THE TASK: All lines in the records below from the line with "Jabuke oljuštiti i" through the line with "Залезли в лужу" are to be given again exactly, both ends included; the pictures are to be left out.

INPUT DATA:
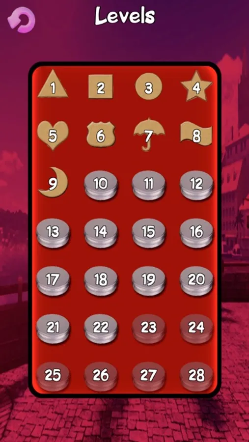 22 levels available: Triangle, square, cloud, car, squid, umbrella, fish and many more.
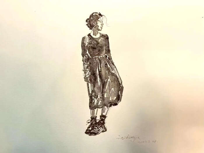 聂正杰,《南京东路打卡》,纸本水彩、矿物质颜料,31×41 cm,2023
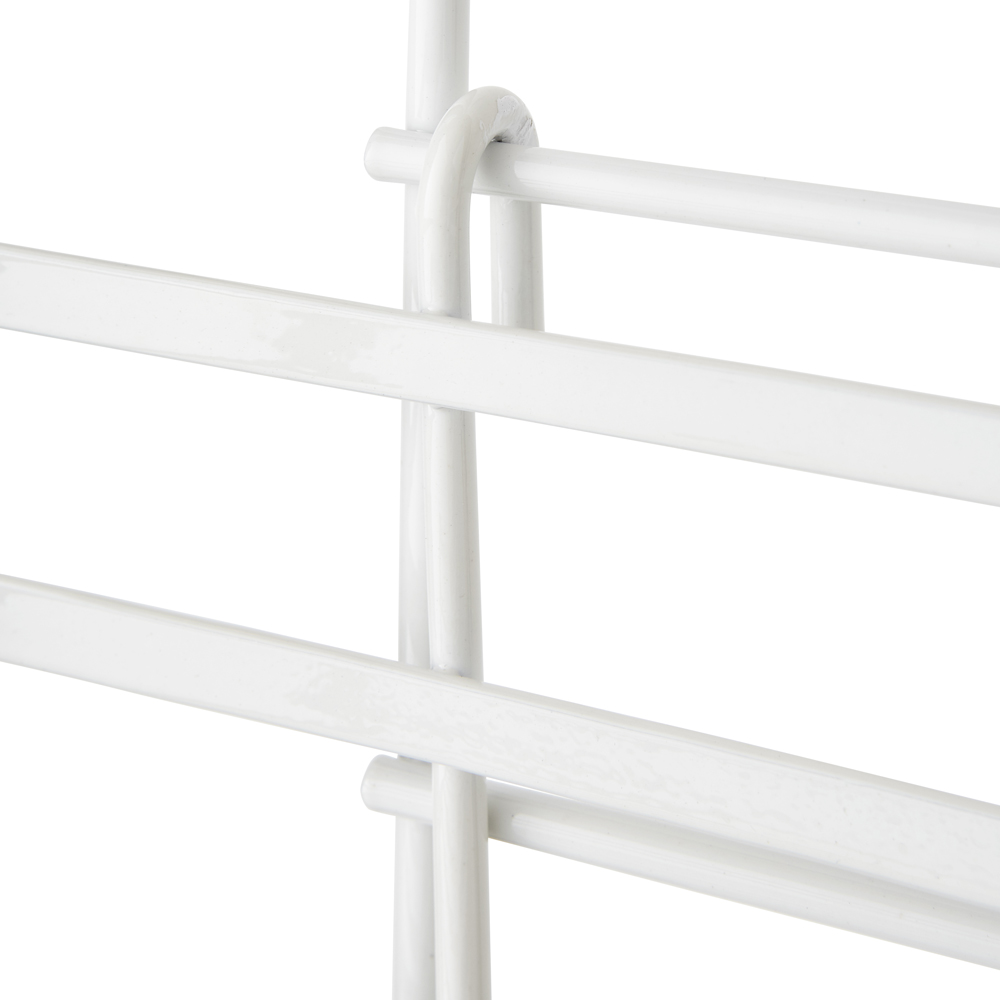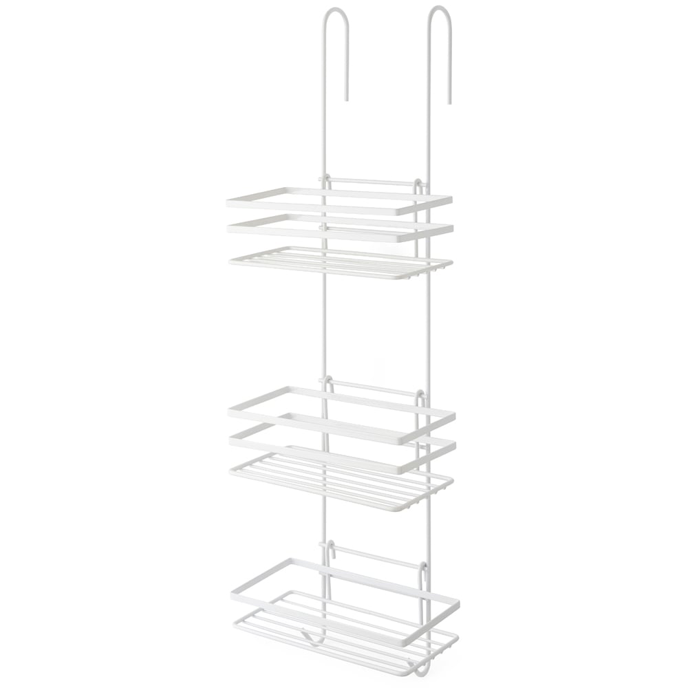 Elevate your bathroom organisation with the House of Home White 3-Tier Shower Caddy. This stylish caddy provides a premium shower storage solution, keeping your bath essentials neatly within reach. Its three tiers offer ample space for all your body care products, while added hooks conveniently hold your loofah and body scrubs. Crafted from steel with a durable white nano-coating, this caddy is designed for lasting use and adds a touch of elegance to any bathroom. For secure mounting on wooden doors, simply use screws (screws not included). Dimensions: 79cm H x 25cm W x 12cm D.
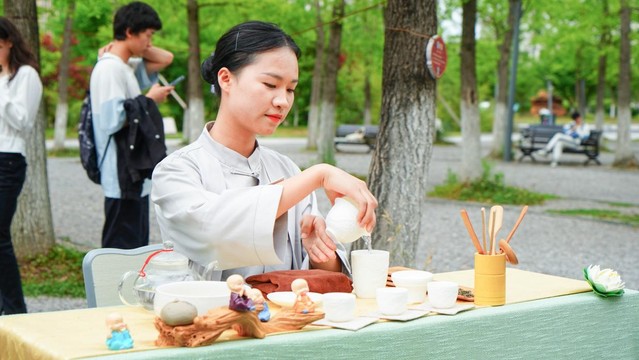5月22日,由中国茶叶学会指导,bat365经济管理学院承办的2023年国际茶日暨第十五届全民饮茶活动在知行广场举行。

...

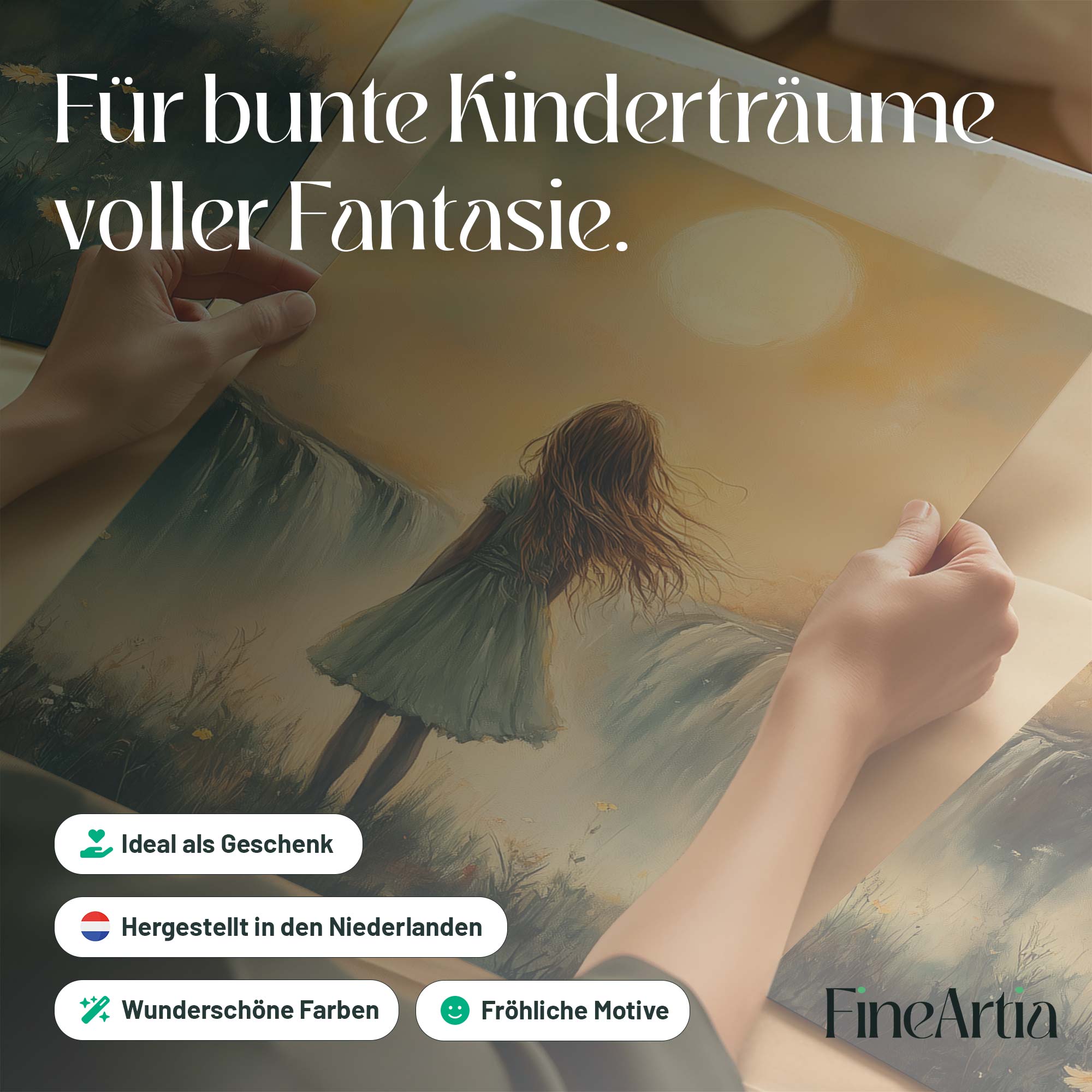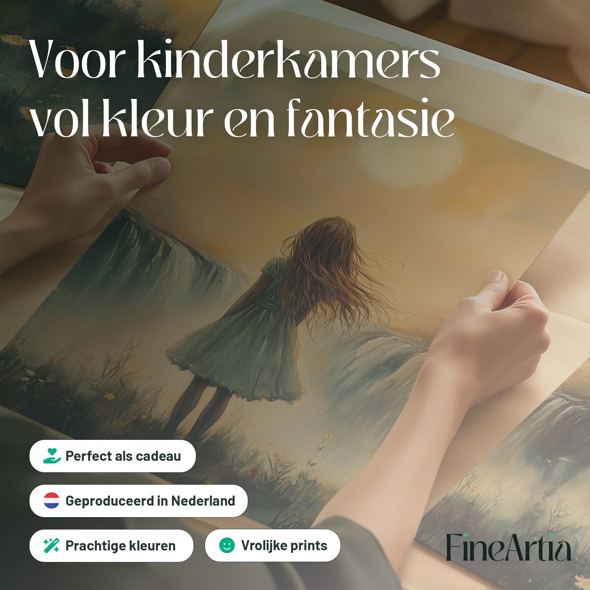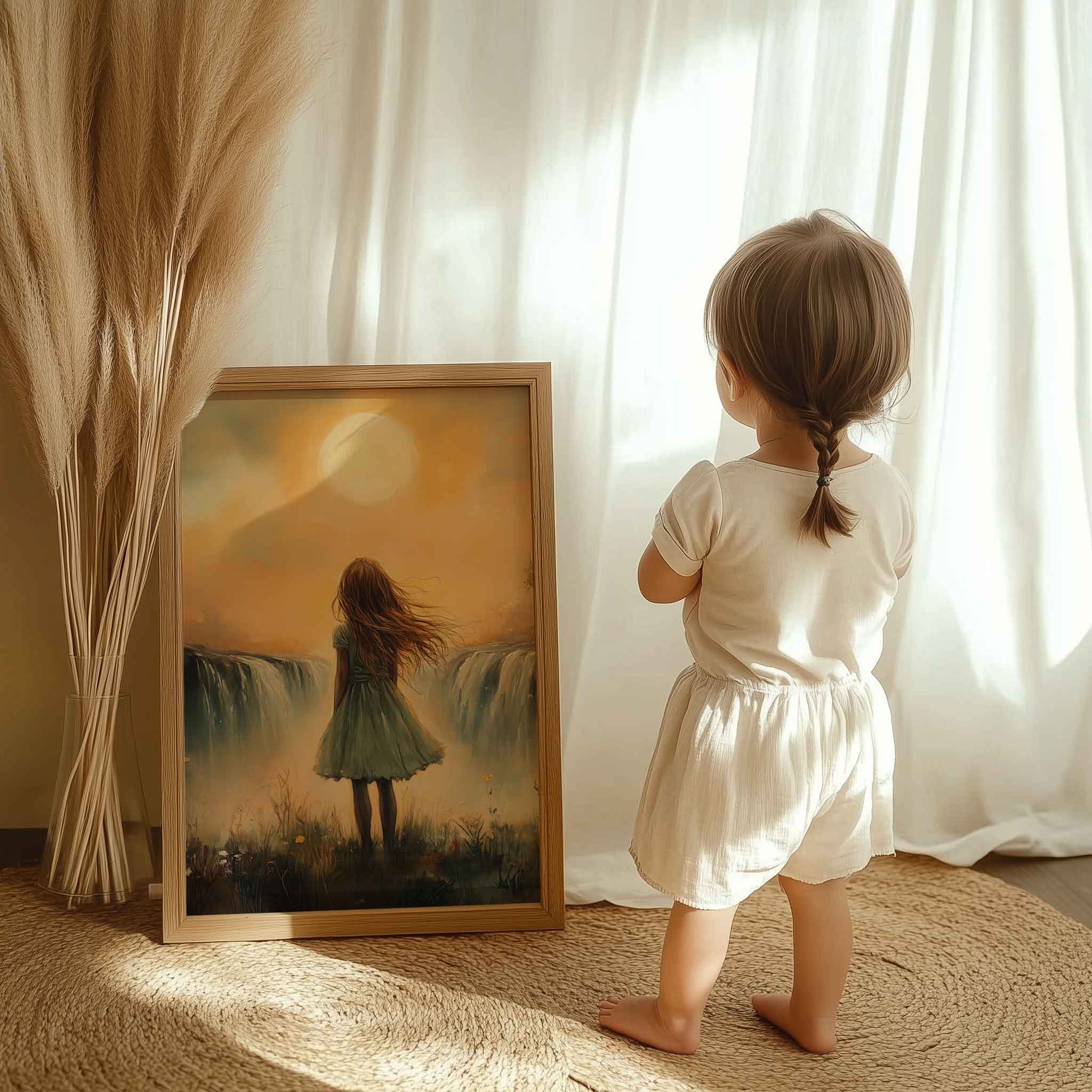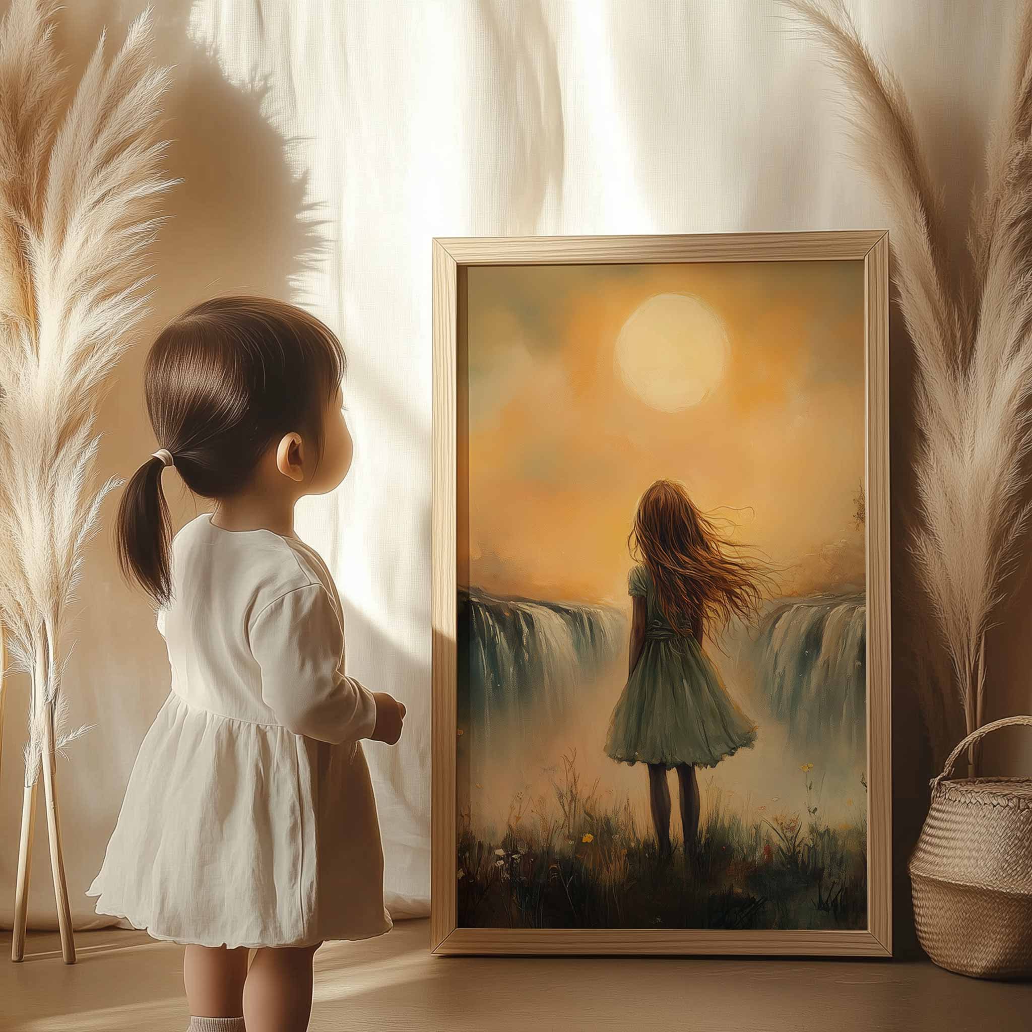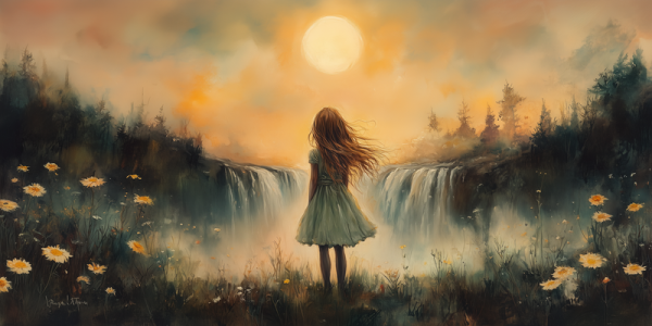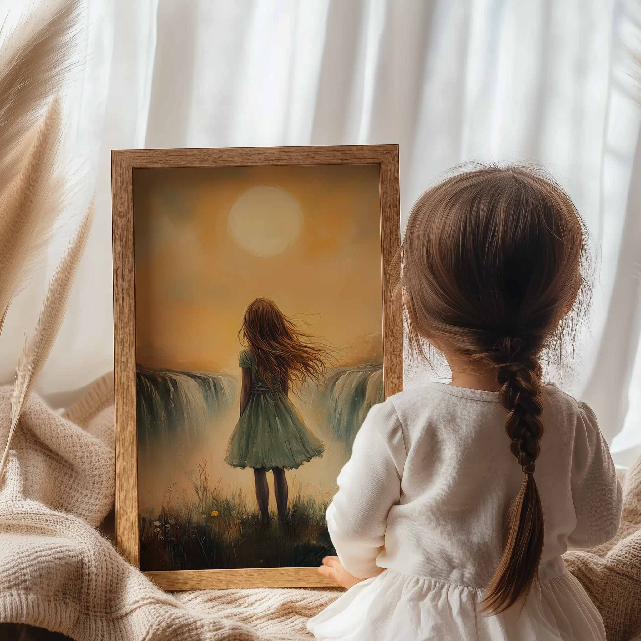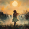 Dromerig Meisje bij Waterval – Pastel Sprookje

---

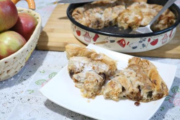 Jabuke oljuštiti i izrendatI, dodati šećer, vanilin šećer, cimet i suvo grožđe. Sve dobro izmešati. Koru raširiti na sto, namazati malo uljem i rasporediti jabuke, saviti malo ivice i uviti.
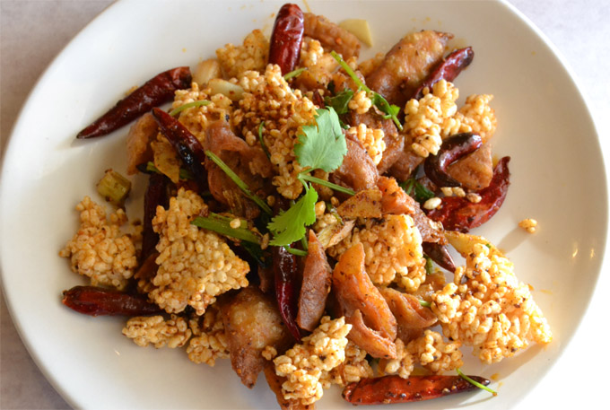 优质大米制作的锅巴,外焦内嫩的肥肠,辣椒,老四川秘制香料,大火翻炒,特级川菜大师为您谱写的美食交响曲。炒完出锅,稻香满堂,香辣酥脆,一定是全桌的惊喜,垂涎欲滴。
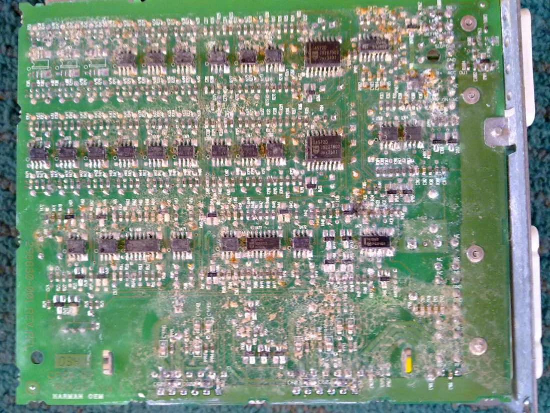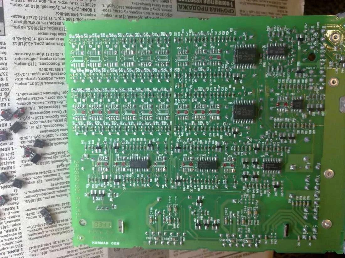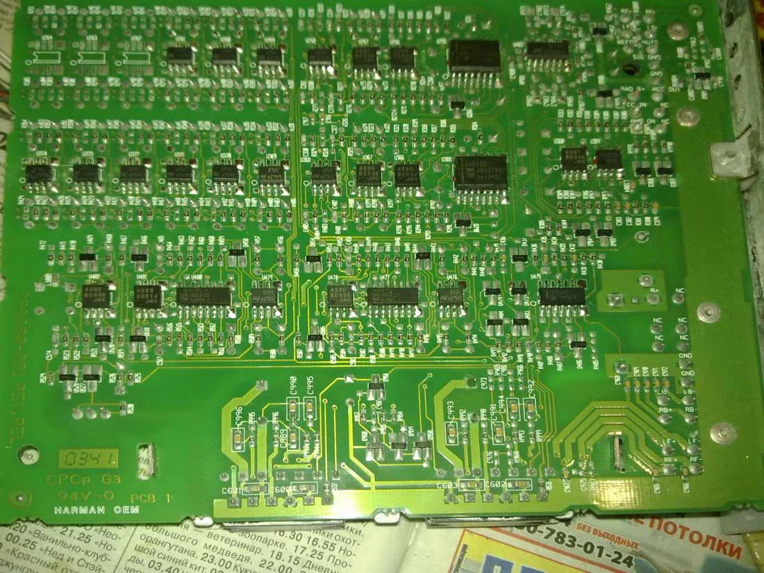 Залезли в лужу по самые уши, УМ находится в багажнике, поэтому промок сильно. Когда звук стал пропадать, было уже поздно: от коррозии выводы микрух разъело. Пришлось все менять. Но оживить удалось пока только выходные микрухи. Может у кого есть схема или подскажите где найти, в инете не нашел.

OUTPUT OF THE EXERCISE:
 Jabuke oljuštiti i izrendatI, dodati šećer, vanilin šećer, cimet i suvo grožđe. Sve dobro izmešati. Koru raširiti na sto, namazati malo uljem i rasporediti jabuke, saviti malo ivice i uviti.
 优质大米制作的锅巴,外焦内嫩的肥肠,辣椒,老四川秘制香料,大火翻炒,特级川菜大师为您谱写的美食交响曲。炒完出锅,稻香满堂,香辣酥脆,一定是全桌的惊喜,垂涎欲滴。
 Залезли в лужу по самые уши, УМ находится в багажнике, поэтому промок сильно. Когда звук стал пропадать, было уже поздно: от коррозии выводы микрух разъело. Пришлось все менять. Но оживить удалось пока только выходные микрухи. Может у кого есть схема или подскажите где найти, в инете не нашел.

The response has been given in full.